[Extracted data entries]
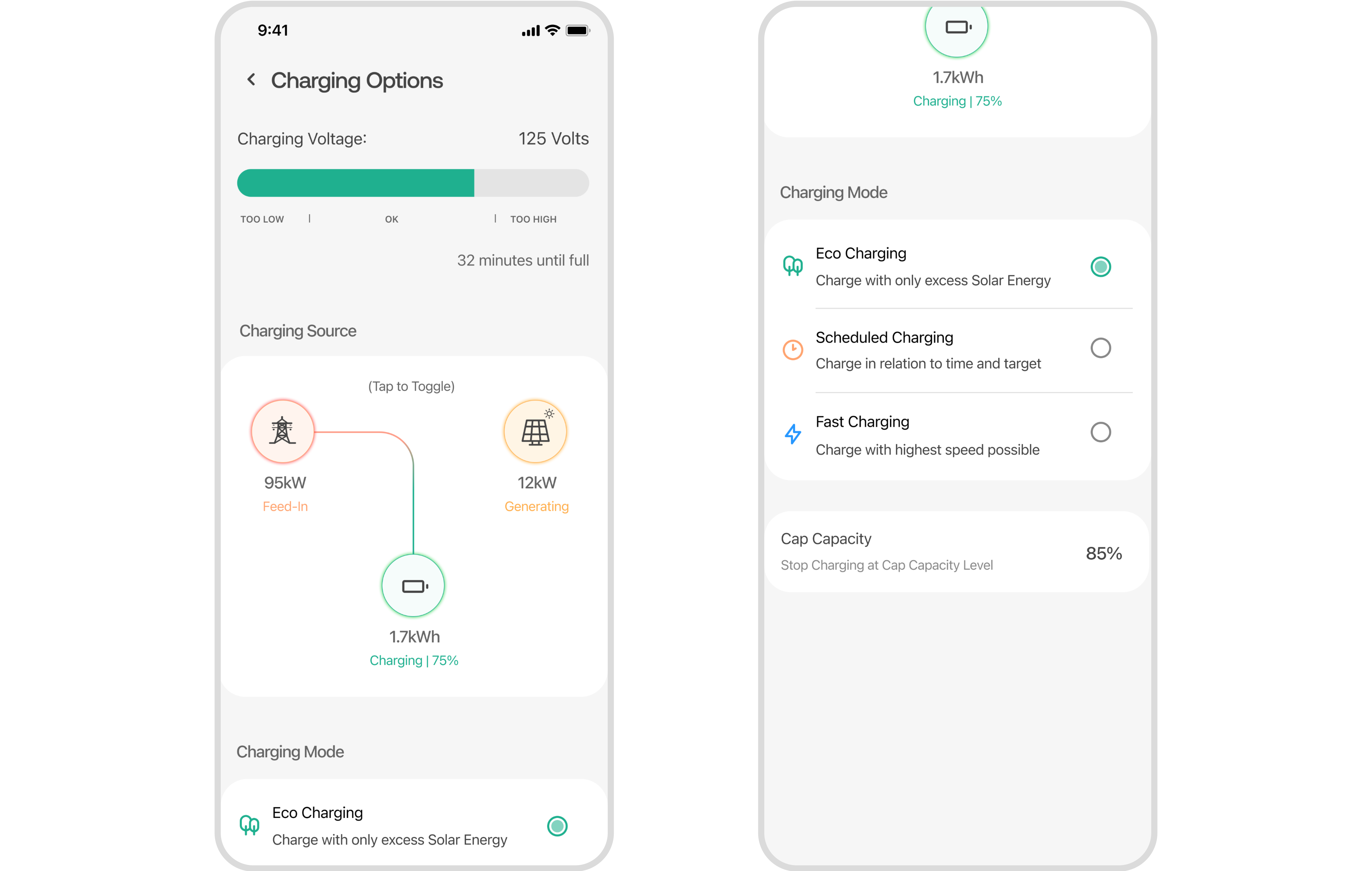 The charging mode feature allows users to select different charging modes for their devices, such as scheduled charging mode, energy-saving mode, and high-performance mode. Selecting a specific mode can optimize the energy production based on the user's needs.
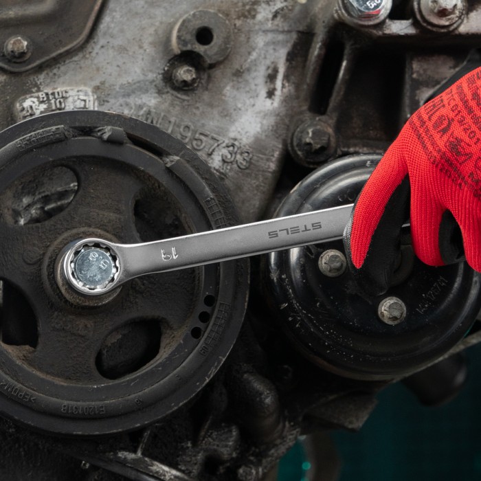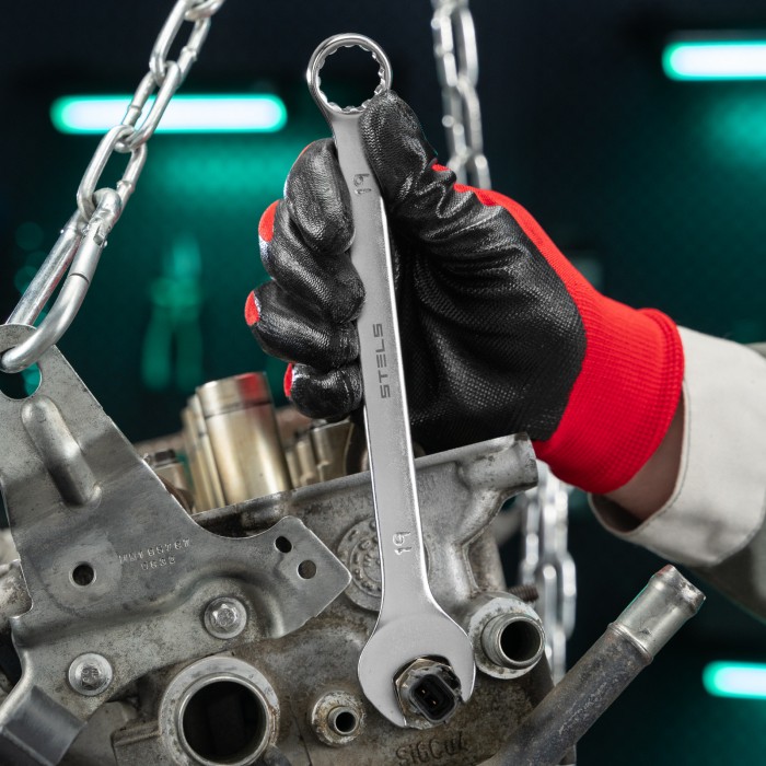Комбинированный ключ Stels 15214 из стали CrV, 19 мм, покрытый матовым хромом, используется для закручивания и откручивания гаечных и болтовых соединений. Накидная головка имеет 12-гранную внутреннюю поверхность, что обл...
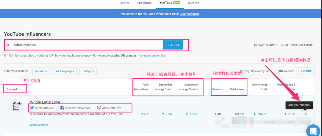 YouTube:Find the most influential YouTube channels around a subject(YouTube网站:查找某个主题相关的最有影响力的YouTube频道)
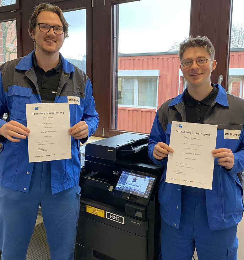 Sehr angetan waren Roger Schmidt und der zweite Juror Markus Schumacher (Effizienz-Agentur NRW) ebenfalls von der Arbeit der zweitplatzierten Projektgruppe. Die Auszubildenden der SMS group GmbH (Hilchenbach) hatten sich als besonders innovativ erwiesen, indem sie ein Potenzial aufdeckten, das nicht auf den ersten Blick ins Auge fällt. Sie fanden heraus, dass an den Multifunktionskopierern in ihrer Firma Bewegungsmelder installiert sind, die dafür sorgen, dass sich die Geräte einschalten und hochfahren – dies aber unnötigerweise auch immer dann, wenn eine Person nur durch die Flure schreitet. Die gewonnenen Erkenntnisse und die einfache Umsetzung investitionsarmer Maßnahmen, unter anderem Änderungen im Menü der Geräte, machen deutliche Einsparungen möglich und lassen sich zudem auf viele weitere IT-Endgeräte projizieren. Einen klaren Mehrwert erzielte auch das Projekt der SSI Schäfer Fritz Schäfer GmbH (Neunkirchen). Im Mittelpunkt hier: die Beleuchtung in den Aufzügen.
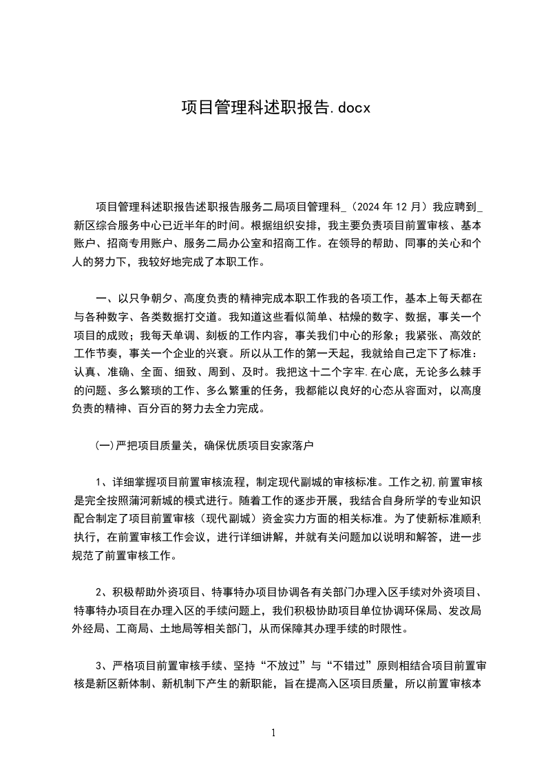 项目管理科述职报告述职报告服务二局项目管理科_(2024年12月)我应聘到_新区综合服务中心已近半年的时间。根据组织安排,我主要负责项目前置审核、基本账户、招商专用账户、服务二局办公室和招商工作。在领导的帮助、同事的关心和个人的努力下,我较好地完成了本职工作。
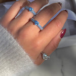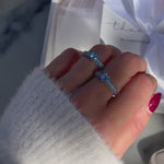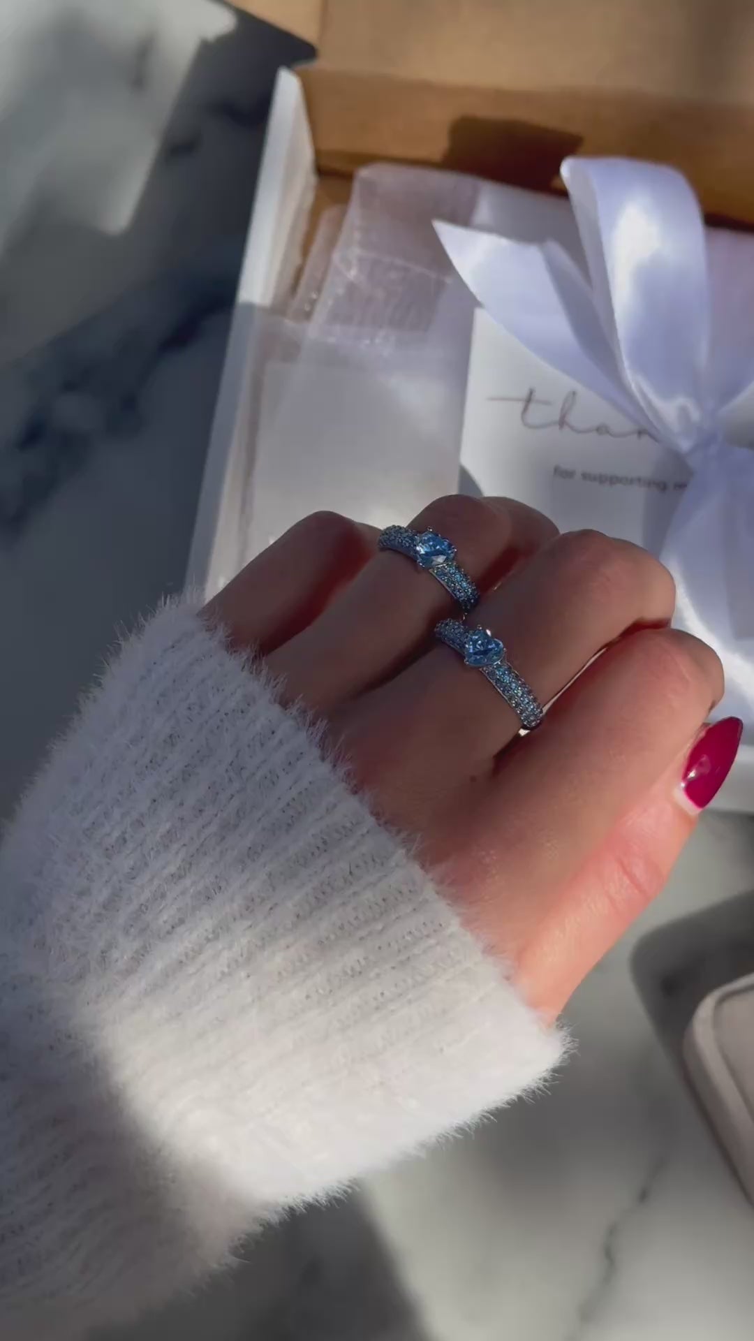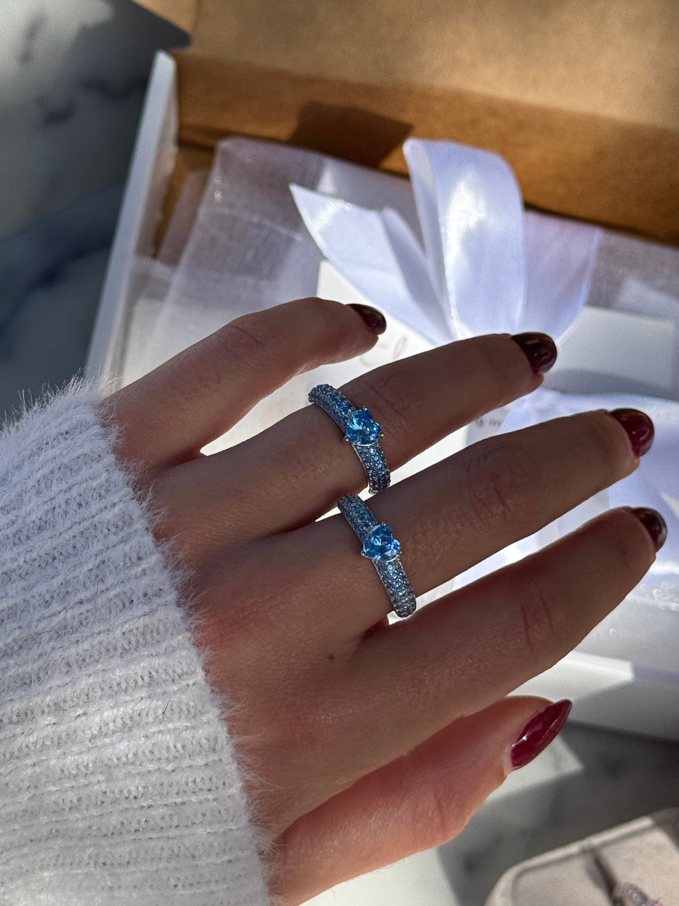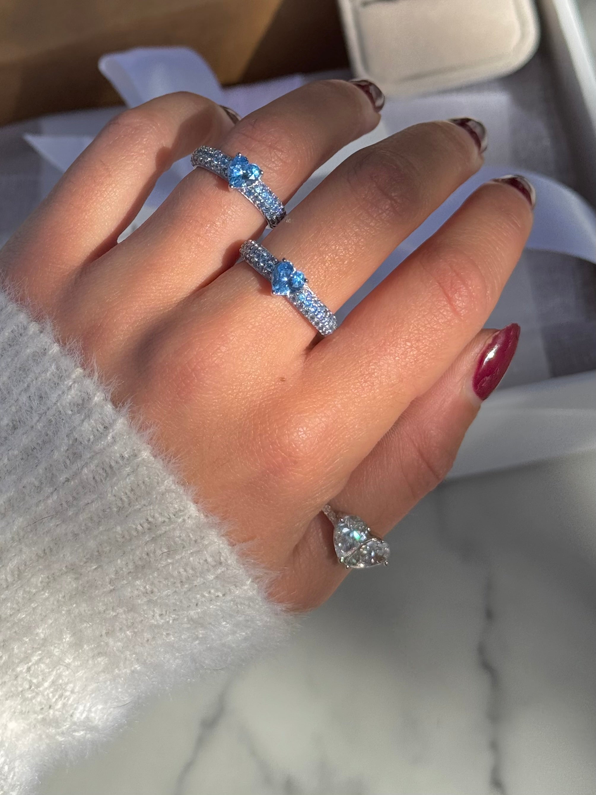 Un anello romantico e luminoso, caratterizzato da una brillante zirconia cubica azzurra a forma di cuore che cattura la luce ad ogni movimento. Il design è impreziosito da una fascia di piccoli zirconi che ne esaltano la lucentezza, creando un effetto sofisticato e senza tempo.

_Exercise objective:_ In the records above, take every line from the opening one through the line with "YouTube:Find the most" and repeat it exactly; pictures are not part of the copy.

_Written answer:_
 The charging mode feature allows users to select different charging modes for their devices, such as scheduled charging mode, energy-saving mode, and high-performance mode. Selecting a specific mode can optimize the energy production based on the user's needs.
Комбинированный ключ Stels 15214 из стали CrV, 19 мм, покрытый матовым хромом, используется для закручивания и откручивания гаечных и болтовых соединений. Накидная головка имеет 12-гранную внутреннюю поверхность, что обл...
 YouTube:Find the most influential YouTube channels around a subject(YouTube网站:查找某个主题相关的最有影响力的YouTube频道)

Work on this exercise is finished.